But, do you believe that a 100 grain 60 ftlb KE arrow is equal to a 600 grain 60ftlb KE arrow. I'd be willing to bet that you don't. I know that most of us shoot somewhere in the middle of those two weights and with good shot placement they'd both probably would work...even on hogs. As an example I've seen elk killed with everything from 280 grain arrows to 800+ grains. Neither would be my choice, but both proved themselves effective for those shots.

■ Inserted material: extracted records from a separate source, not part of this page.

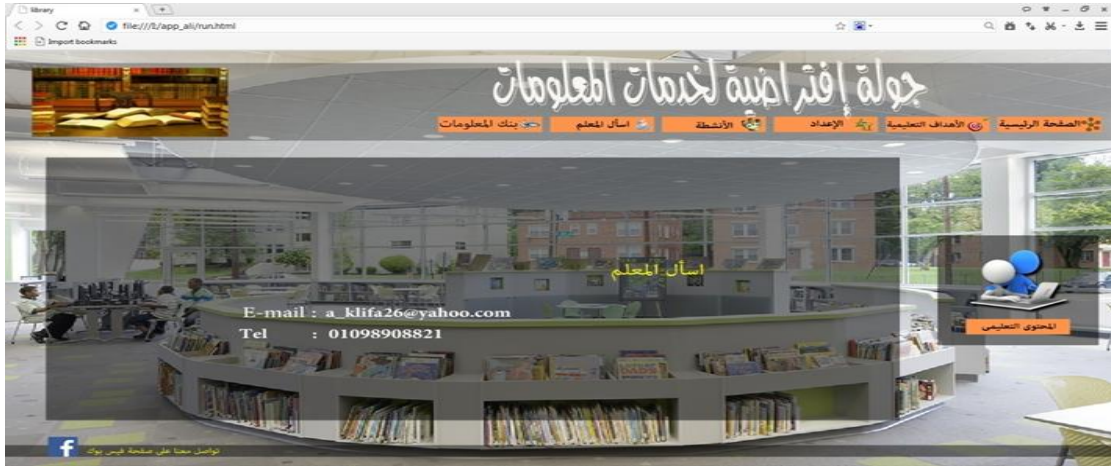
شكل ( ٨ ) صفحة اسأل المعلم المستخدمة في نموذج الجولة الافتراضية

متاحة للمتعلم في أي وقت بحيث يستطيع التواصل مع المعلم حالة وجود أي استفسار أو أي مشكلة . والشكل التالي
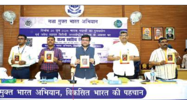
मुक्त भारत अभियान, विकसित भारत की पहचान
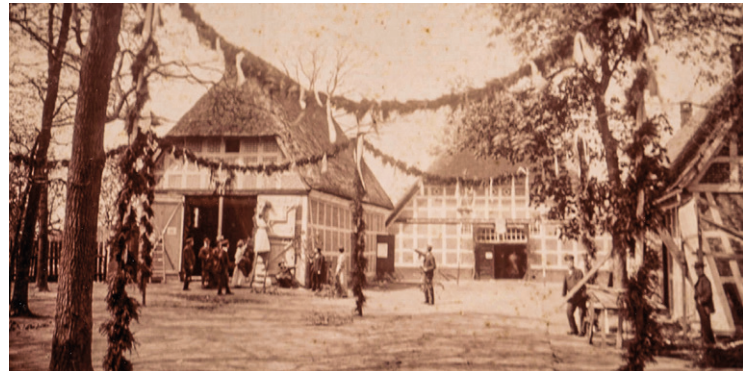
Aufnahme von der Einweihung des Kunstgewerbehauses (links) im Zuge des Scheeßeler Heimatfests von 1908

legen in der Niedersachsenrunde mit der Idee herangetreten, ein großes, öffentlichkeitswirksames Trachtenfest zu veranstalten, allerdings in seiner Heimatgemeinde Zeven. Dort, wie auch im zwanzig Kilometer entfernten Scheeßel, gab es noch Spuren eines alltäglichen Trachtenwesens, das wiederum als unmittelbarer Ausdruck der Volkskultur verstanden wurde. Dass die Wahl letztlich auf Scheeßel fiel, hatte einen ausgesprochen profanen Hintergrund: Anders als Zeven verfügte die Gemeinde seit 1874 über einen Bahnhof, war also problemlos von den Großstädten Hamburg und Bremen aus erreichbar. Zwar waren viele Protagonisten der Heimatbewegung ausgesprochene Gegner der Erschließung des ländlichen Raums mit der Eisenbahn, im vorliegenden Fall siegte jedoch der Pragmatismus.
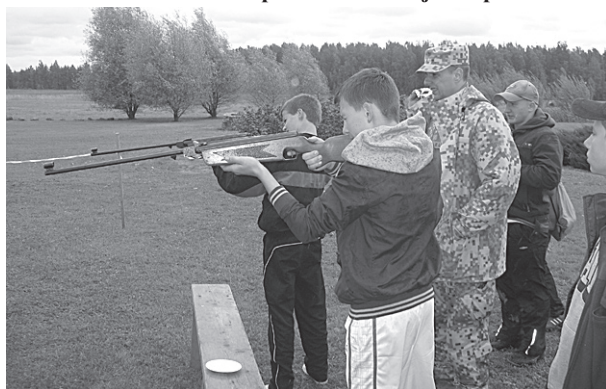
Trāpīt mērķi cenšas zēni no 8. klases.

And, did you read the Ashby report? I bet your on the same side and don't know it. What you're likely calling KE is actually momentum (energy in motion).


----------



## DwayneR (Feb 23, 2004)

Something to think about....

When you pull back that bow of yours, you have potential energy...PE.
When you let go of that string, PE coverts to KE.
As that arrow flies, Momentum and KE are in play.

Lets take a example:
a bow that has 60 pounds of pull, shoots a arrow at 200 FPS.

Lets say that bow has a set potential amount of energy just before you let go.

When you let go, The KE is the EXACT same thing whether you use a light arrow, or a heavy arrow. The Momentum is ALSO the Exact same thing whether you use a Light arrow, or a heavy Arrow.

If ANY of these vary, it is because the Energy your limbs are holding, are not getting transfered to the arrow in the most efficient manner. That energy is loss through Vibration, Through drag, and through other various ways. This usually happens on the "lighter" arrows....But does not amount to anything significant to think about.

Now as that arrow leaves your bow, KE and MO will change. A very light arrow will slow down MUCH quicker than a heavier arrow. Thus the Momentum will drop off a lighter arrow quicker than a heavier arrow. Thus the big argument of "MO is more important than KE". Thus ALSO the argument of HEAVY arrows are better penetration than LIGHT arrows. (because the light arrows will bleed off MO quicker than heavier arrows).

Now with ALL of this said...Lets look at the facts of life... Most bows of today, are so darn powerful, that MO / KE is not even a small factor to look at. My bow produces 50 FPS ... Yeah that is not ALOT with todays bows, but 50 FPS blows through my deer and sticks itself into trees, to where I have to unscrew my arrow and use a broadhead puller. Now, lets look at the OTHER side of the coin...Recurves. My Mamba is 45 pounds, shoots a 530 grain arrow at a whooping 145 FPS, generating a KE of 25. Mechanical heads take 5 KE of energy to open... that leaves me 20 FPS of KE to kill a deer. Unless it is a PERFECT shot with NO RIBS, I cannot kill a deer. But instead, I must use a Cut On Contact broadhead. That broadhead does a wonderful job of slicing right through that deer. Not a passthrough...But pretty close! I Have a choice of a 325 grain arrow With 25FP or a 530 grain arrow with 25FP. But I also know, that the heavier arrow will not lose NEAR as much MO at 20 yards too! It will also not lose near as much KE. But for my setup, which is more ethical?? siding with the best KE/MO by using a heavier arrow? or siding with a smaller amount if KE/MO by using a much lighter arrow? They are all shot from the exact same bow. My ethical shot is a Cut on contact with a heavier arrow for my best penetration and humane kill. But for my other setup??? Who cares...at 50FP, the arrows plow through anything...

Dwayne


----------



## Jabwa (Dec 10, 2004)

Dr. Ashby's article was very enlightening! If I understand things correctly, we need balance arrow weight and speed against our greatest need- Arrow weight being more important for penetration, but speed being more important for correct arrow placement at longer distances. To me, this means large animals need to be hunted at close range with heavy and necessarily slow arrows, while smaller animals, such as mule deer or antelope, which may require a long shot, should be hunted with relatively lightweight, fast arrows. 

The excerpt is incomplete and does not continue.